▶ [Work required] Below are records with pictures in them. Output exactly the lines from the one with "Макел IP55 герметик" through the one with "12/23(金)に雪が舞い散", both included, and leave every picture out; give only those lines.

▶ [Input for this task]
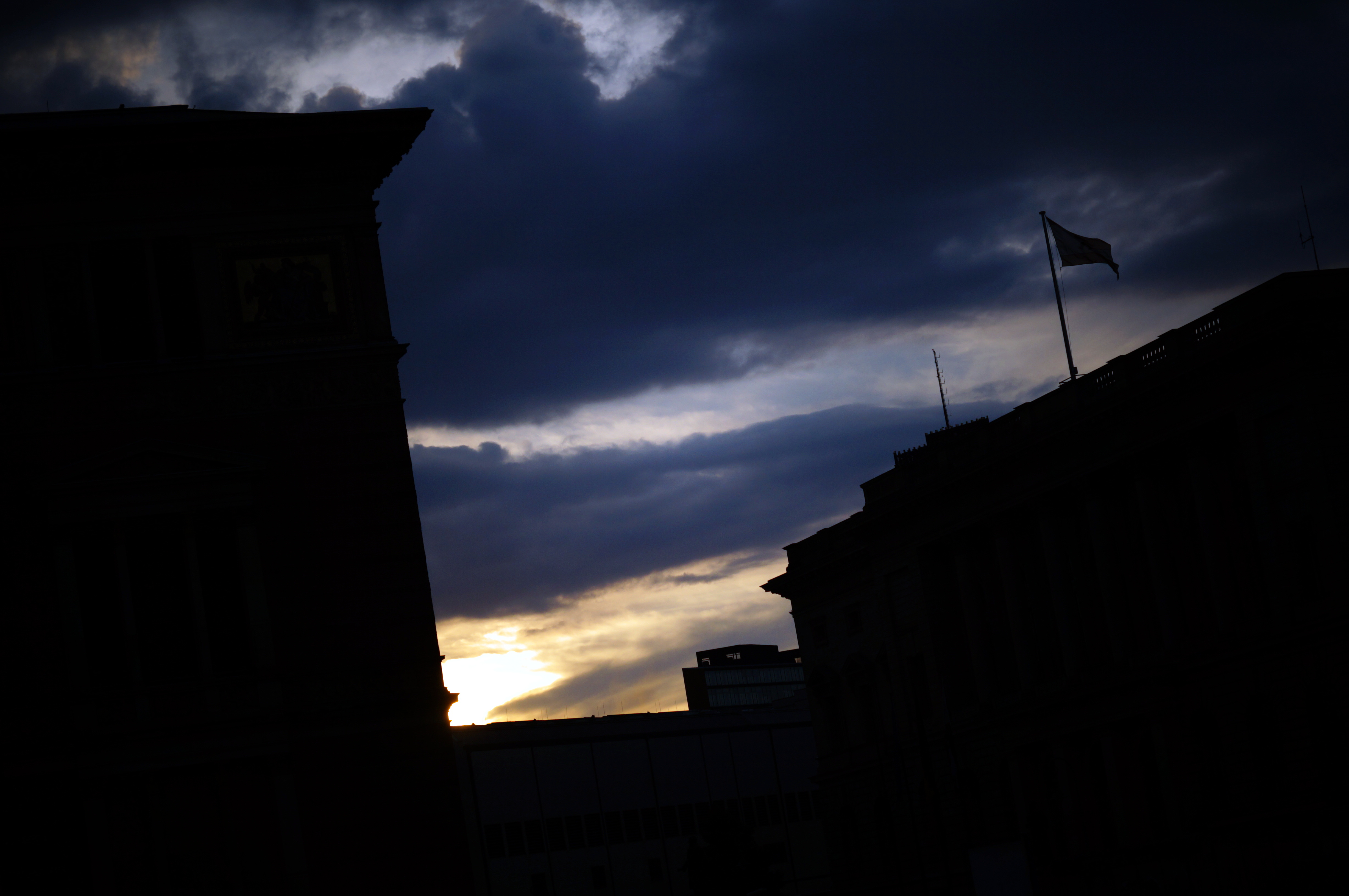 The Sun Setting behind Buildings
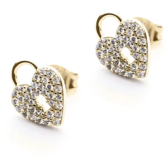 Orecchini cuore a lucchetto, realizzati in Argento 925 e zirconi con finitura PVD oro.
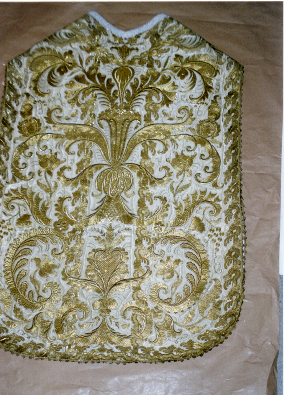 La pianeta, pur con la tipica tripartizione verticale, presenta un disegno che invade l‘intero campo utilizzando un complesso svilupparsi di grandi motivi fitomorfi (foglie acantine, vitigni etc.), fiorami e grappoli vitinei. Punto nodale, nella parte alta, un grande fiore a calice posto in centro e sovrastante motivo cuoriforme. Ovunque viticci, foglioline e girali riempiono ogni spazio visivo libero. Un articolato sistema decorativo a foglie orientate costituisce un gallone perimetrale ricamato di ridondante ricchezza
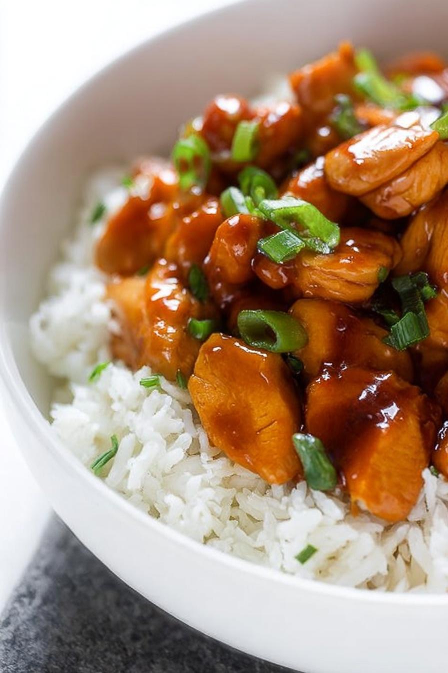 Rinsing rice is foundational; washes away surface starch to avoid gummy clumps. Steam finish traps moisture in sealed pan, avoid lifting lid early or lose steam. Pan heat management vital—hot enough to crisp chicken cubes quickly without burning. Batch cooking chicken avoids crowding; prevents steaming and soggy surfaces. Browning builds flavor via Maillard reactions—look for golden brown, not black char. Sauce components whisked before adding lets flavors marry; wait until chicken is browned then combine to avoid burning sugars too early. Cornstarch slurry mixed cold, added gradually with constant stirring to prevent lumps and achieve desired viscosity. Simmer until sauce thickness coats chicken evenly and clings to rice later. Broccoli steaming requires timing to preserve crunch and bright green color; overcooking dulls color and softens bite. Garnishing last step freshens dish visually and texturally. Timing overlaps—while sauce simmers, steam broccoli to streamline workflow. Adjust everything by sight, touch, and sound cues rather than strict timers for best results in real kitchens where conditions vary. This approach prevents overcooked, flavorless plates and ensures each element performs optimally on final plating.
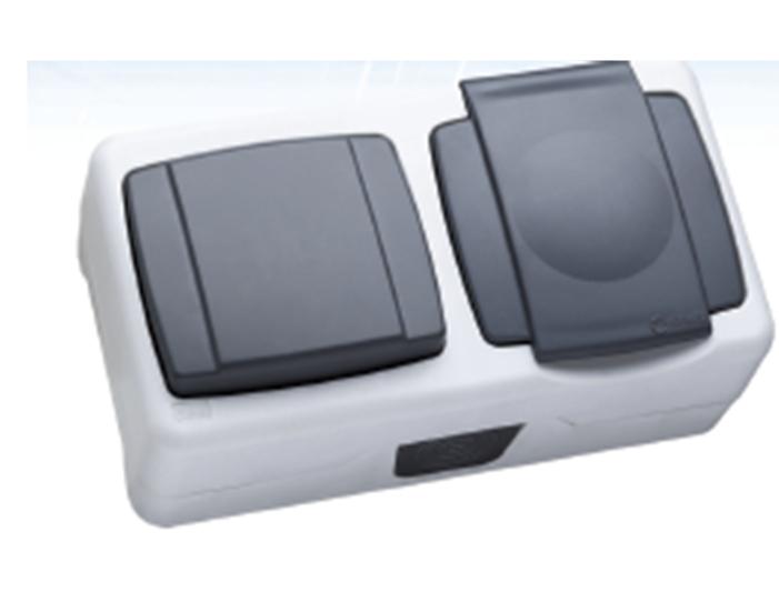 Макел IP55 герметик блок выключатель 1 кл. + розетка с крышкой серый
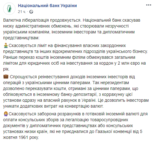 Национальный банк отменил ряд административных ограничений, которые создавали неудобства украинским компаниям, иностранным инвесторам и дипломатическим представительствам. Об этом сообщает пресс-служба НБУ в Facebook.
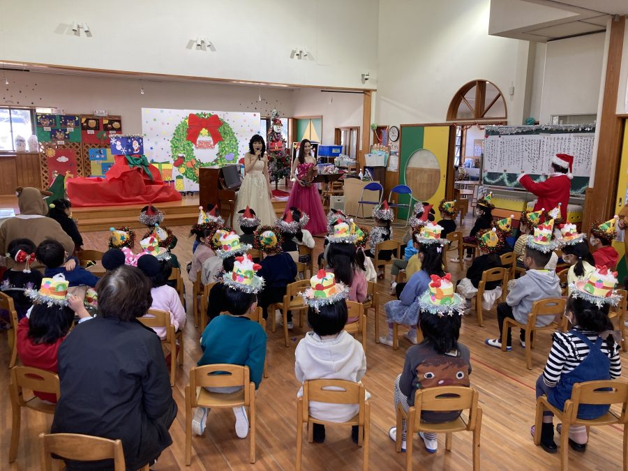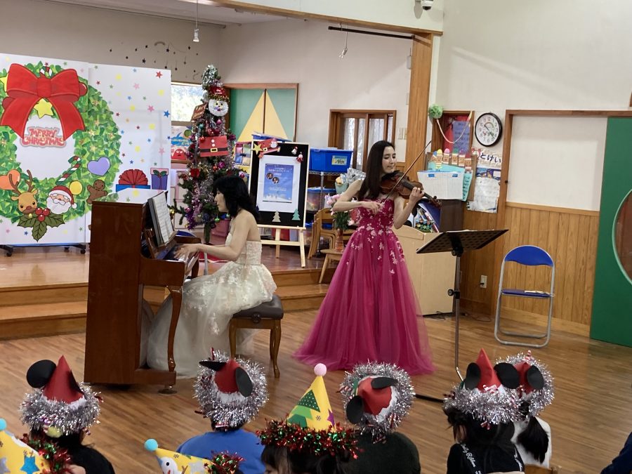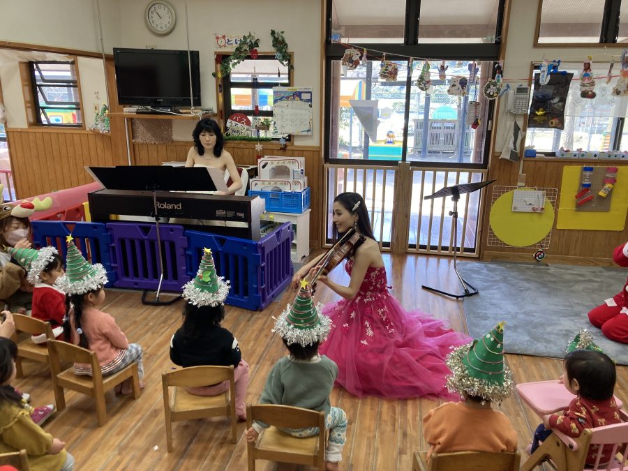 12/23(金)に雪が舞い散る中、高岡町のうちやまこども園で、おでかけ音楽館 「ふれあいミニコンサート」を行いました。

--

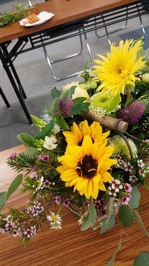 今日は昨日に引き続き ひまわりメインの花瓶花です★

▶ [Final answer]
 Макел IP55 герметик блок выключатель 1 кл. + розетка с крышкой серый
 Национальный банк отменил ряд административных ограничений, которые создавали неудобства украинским компаниям, иностранным инвесторам и дипломатическим представительствам. Об этом сообщает пресс-служба НБУ в Facebook.
 12/23(金)に雪が舞い散る中、高岡町のうちやまこども園で、おでかけ音楽館 「ふれあいミニコンサート」を行いました。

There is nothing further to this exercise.